Data items:
┄┄┄┄┄┄┄┄┄┄
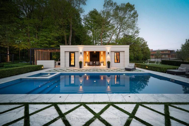 Why build when you can move right in? Skip the dust, delays, and hidden costs your dream home is here, fully finished and ready to enjoy. Tucked away on one of Nobleton's most private and prestigious crescents a street quickly transforming into an enclave of custom luxury estates this stunning modern Georgian residence redefines elegance and functionality across over 10,000 sq. ft. of living space. Perched on a rare -acre lot, the home showcases 7000 sq. ft. above grade and an additional 3000 sq. ft. in the fully finished basement all thoughtfully designed for elevated living and entertaining. The show-stopping primary suite offers a penthouse-style retreat complete with a cozy gas fireplace, a mini bar, a lavish spa-inspired ensuite, and a jaw-dropping two-storey wardrobe closet fit for a fashion connoisseur. Throughout the home, a modern minimalist design is seamlessly executed with 11-ft ceilings, expansive open-concept living spaces, and a chef-inspired grand kitchen that connects to a family-sized mudroom and your oversized 3-car garage with potential for car lifts to accommodate up to 6 vehicles. Work from home in style with your own entrepreneurs dream office, boasting a 20-ft ceiling and an impressive floor-to-ceiling window for maximum inspiration. Downstairs, the entertainment possibilities are endless enjoy a full nanny suite, home gym, private theatre, TV lounge, games room, and an indoor sport turf zone. Step outside and experience resort-style living year-round: a covered alfresco dining lounge, two outdoor kitchens, two gas fireplaces, a cabana lounge with a full bar, second kitchen, built-in wood-burning pizza oven, poolside ensuite with shower, and your own steam sauna. This is the kind of backyard you'll never want to leave.6 Forestave Crescent is not just a home its a lifestyle. One that's built, turnkey, and tailored for those who appreciate the best in luxury, comfort, and design.
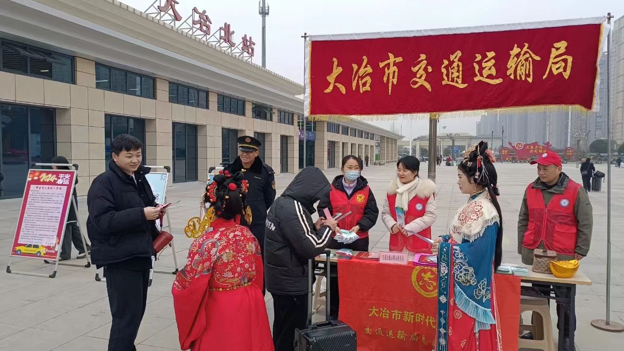 在大冶北站的出站口,市交通运输局设置“金龙迎春”“青铜故里大冶欢迎您”等展示栏,并有身穿国风服装的志愿者在门口迎接归家的游子,向他们讲解交通出行和货物运输的相关法律知识。
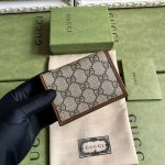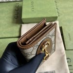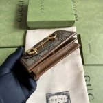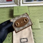 The premium edition, featuring green packaging, is available in the Spring/Summer collection. This new Gucci 1955 Horsebit card holder is crafted from Gg Supreme canvas and brown leather. This collection features the same double-ring and elongated design as the handbags. This detail, inspired by the brand's equestrian roots, is a Gucci classic and one of its most iconic symbols. Model: 621887 Brown, Dimensions: 11" wide x 8.5" high x 3" wide.
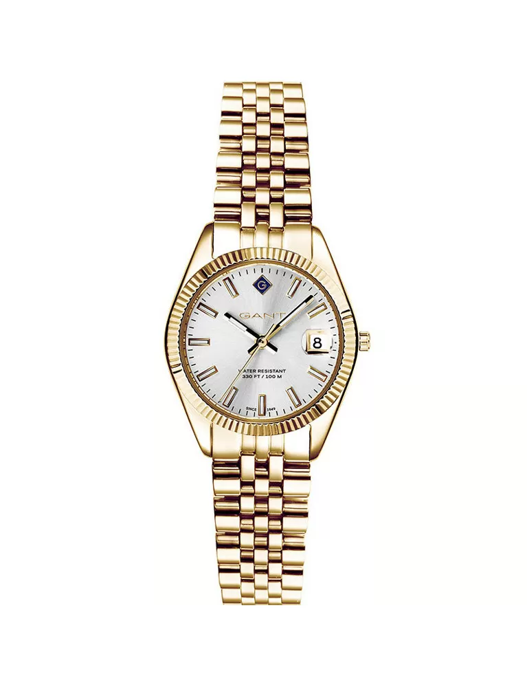 Decentní dámské náramkové hodinky Gant jsou navrženy tak, aby skvěle padly ženskému zápěstí. Hodinky jsou vyrobeny z vysoce kvalitní nerezové ocele. Ocel je ošetřena PVD povrchovou úpravou v barvě žlutého zlata. Kulaté pouzdro je vybaveno spolehlivým strojkem a baterií s dvouletou životností. Stříbrný číselník má k dispozici jednoduché ručičky a indexy hodin. Na pozici třetí hodiny najdete datum. Hodinky jsou vhodné pro každodenní nošení i do společnosti.
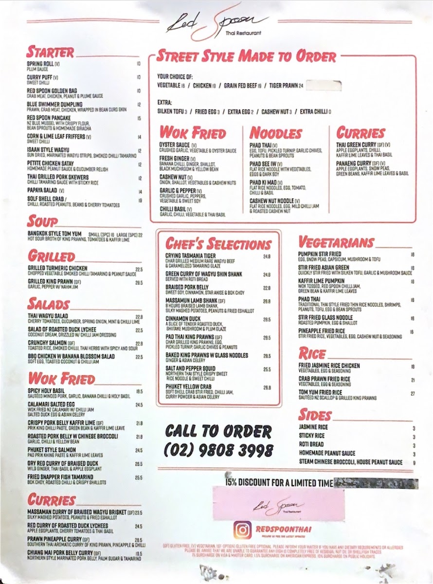Signature cocktails like the Pattaya Fizz and Watermelon Smash elevate your visit, making it more than just a meal. The restaurant has received rave reviews for its welcoming service and the stunning presentation of dishes like the Red Duck Curry with Lychees and Pad Thai, which consistently impress patrons. Despite slight variations in portion sizes and some mixed reviews regarding spice levels, Red Spoon Top Ryde remains a favorite for both casual diners and special occasions.
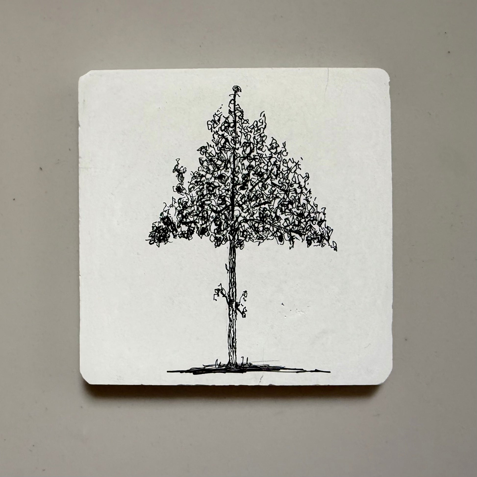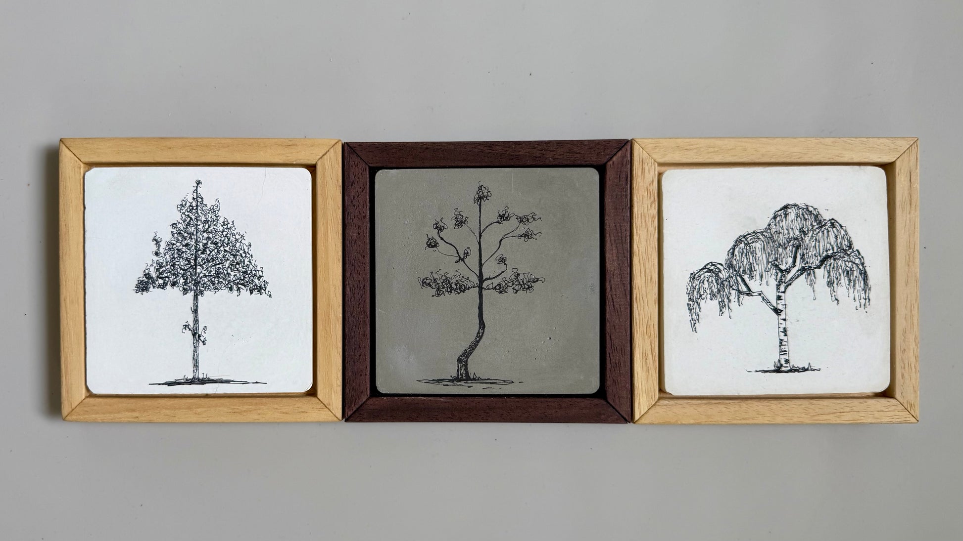 A hand-cast cement tile featuring one of my original tree drawings, framed in natural wood and presented in a gift box. Each piece is individually made in my studio, combining texture and line with quiet precision. The drawing is printed directly onto the cement surface, revealing subtle imperfections that make every tile unique.
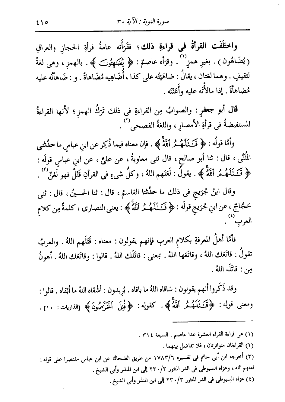 وَقَالَ ابْنُ جُرَيْجٍ فِي ذَلِكَ، مَا: حَدَّثَنَا الْقَاسِمُ، قَالَ: ثنا الْحُسَيْنُ، قَالَ: ثني حَجَّاجٌ، عَنِ ابْنِ جُرَيْجٍ، قَوْلُهُ: " {§قَاتَلَهُمُ اللَّهُ} [التوبة: 30] يَعْنِي النَّصَارَى، كَلِمَةٌ مِنْ كَلَامِ الْعَرَبِ " فَأَمَّا أَهْلُ الْمَعْرِفَةِ بِكَلَامِ الْعَرَبِ فَإِنَّهُمْ يَقُولُونَ مَعْنَاهُ: قَتَلَهُمُ اللَّهُ، وَالْعَرَبُ تَقُولُ: قَاتَعَكَ اللَّهُ، وَقَاتَعَهَا اللَّهُ، بِمَعْنَى: قَاتَلَكَ اللَّهُ، قَالُوا: وَقَاتَعَكَ اللَّهُ أَهْوَنُ مِنْ قَاتَلَهُ اللَّهُ. وَقَدْ ذَكَرُوا أَنَّهُمْ يَقُولُونَ: شَاقَاهُ اللَّهُ مَا بَاقَاهُ، يُرِيدُونَ: أَشْقَاهُ اللَّهُ مَا أَبْقَاهُ. قَالُوا: وَمَعْنَى قَوْلِهِ: {قَاتَلَهُمُ اللَّهُ} [التوبة: 30] كَقَوْلِهِ: {قُتِلَ الْخَرَّاصُونَ} [الذاريات: 10]
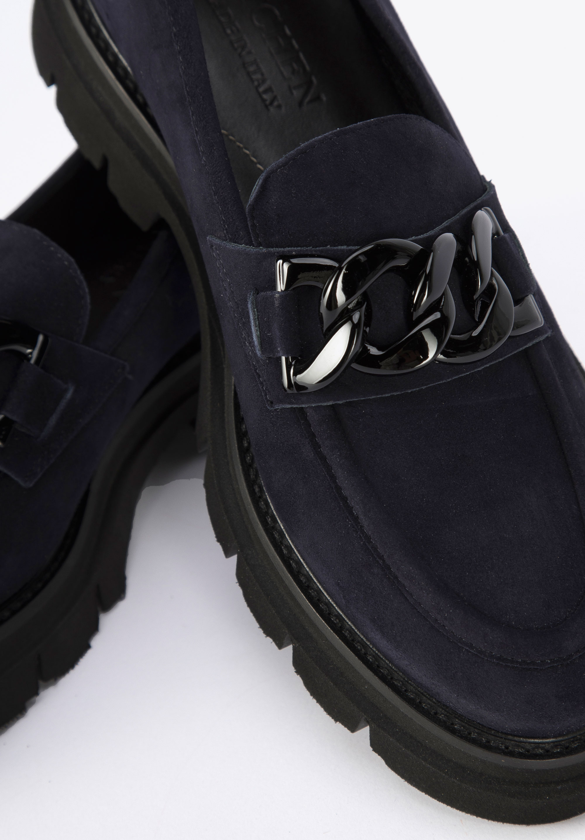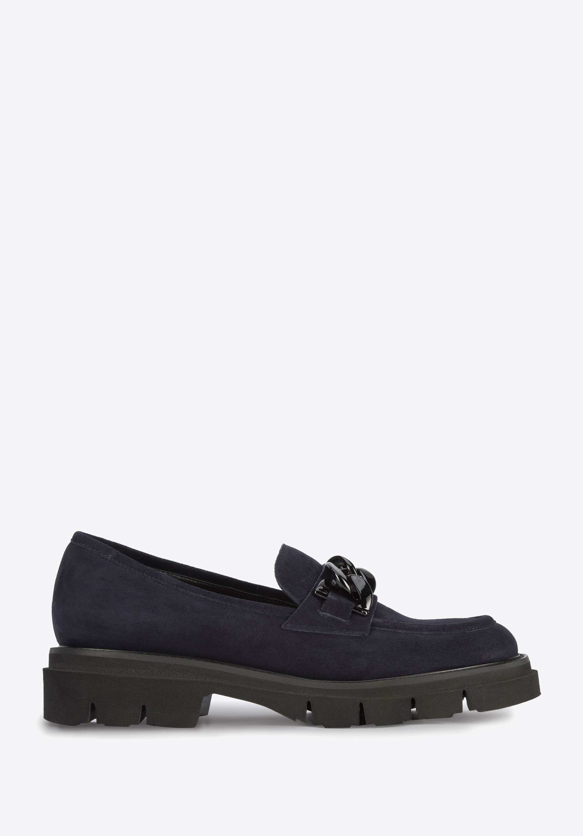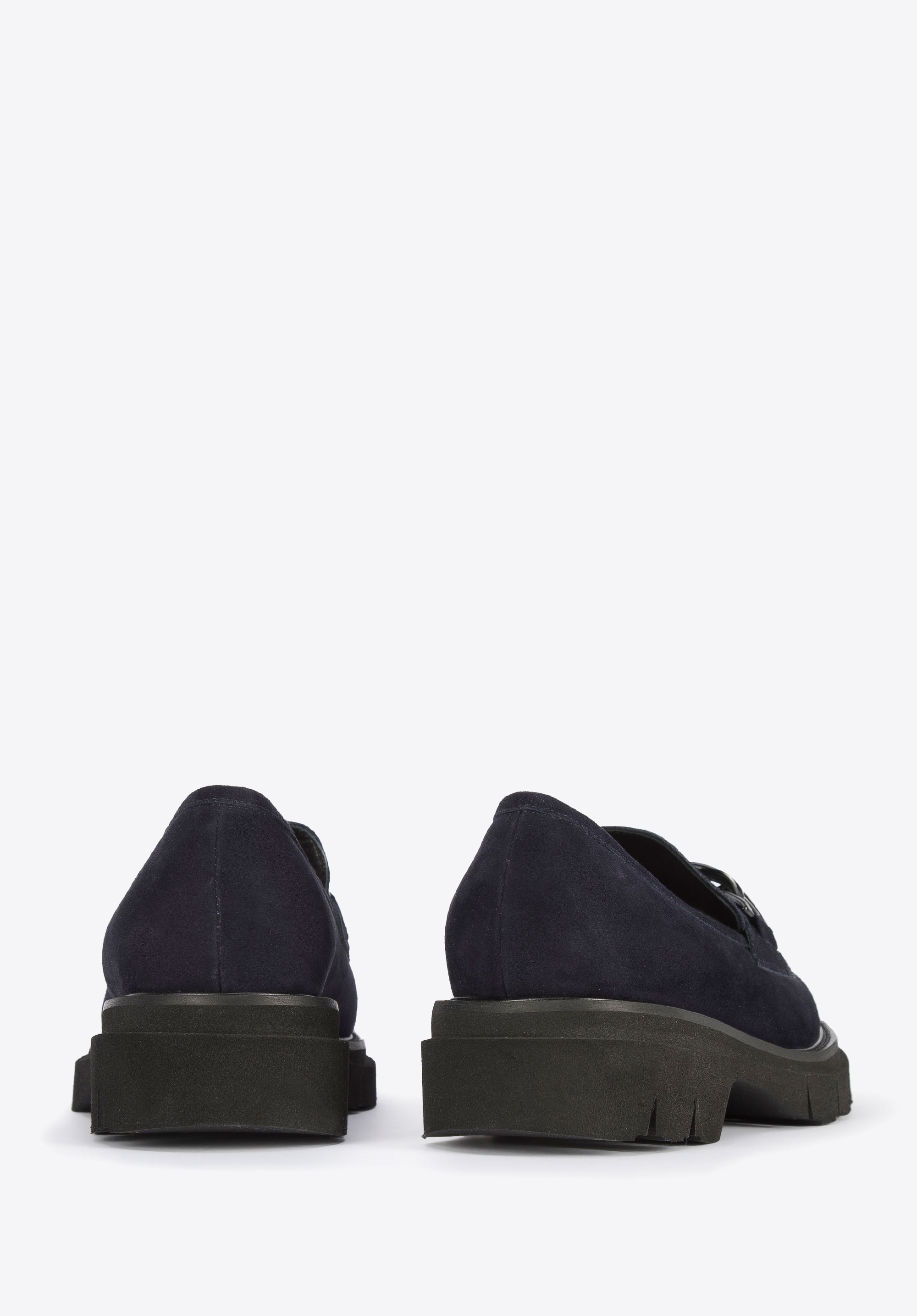 delikatnie połyskujący łańcuch o dużych ogniwach. Podeszwa z wyraźnym bieżnikiem jest zaskakująco lekka, więc komfortowo przechodzisz w nich cały dzień. To świetne buty zarówno na co dzień do pracy, jak i po pracy: i do chinosów, i do spódnicy mini.
┄┄┄┄┄┄┄┄┄┄
PROBLEM DETAILS:
From the records above, copy only the lines running from the line containing "Decentní dámské náramkové" to the line containing "Signature cocktails like", both ends included. Leave the pictures out.

ANSWER SPACE:
 Decentní dámské náramkové hodinky Gant jsou navrženy tak, aby skvěle padly ženskému zápěstí. Hodinky jsou vyrobeny z vysoce kvalitní nerezové ocele. Ocel je ošetřena PVD povrchovou úpravou v barvě žlutého zlata. Kulaté pouzdro je vybaveno spolehlivým strojkem a baterií s dvouletou životností. Stříbrný číselník má k dispozici jednoduché ručičky a indexy hodin. Na pozici třetí hodiny najdete datum. Hodinky jsou vhodné pro každodenní nošení i do společnosti.
Signature cocktails like the Pattaya Fizz and Watermelon Smash elevate your visit, making it more than just a meal. The restaurant has received rave reviews for its welcoming service and the stunning presentation of dishes like the Red Duck Curry with Lychees and Pad Thai, which consistently impress patrons. Despite slight variations in portion sizes and some mixed reviews regarding spice levels, Red Spoon Top Ryde remains a favorite for both casual diners and special occasions.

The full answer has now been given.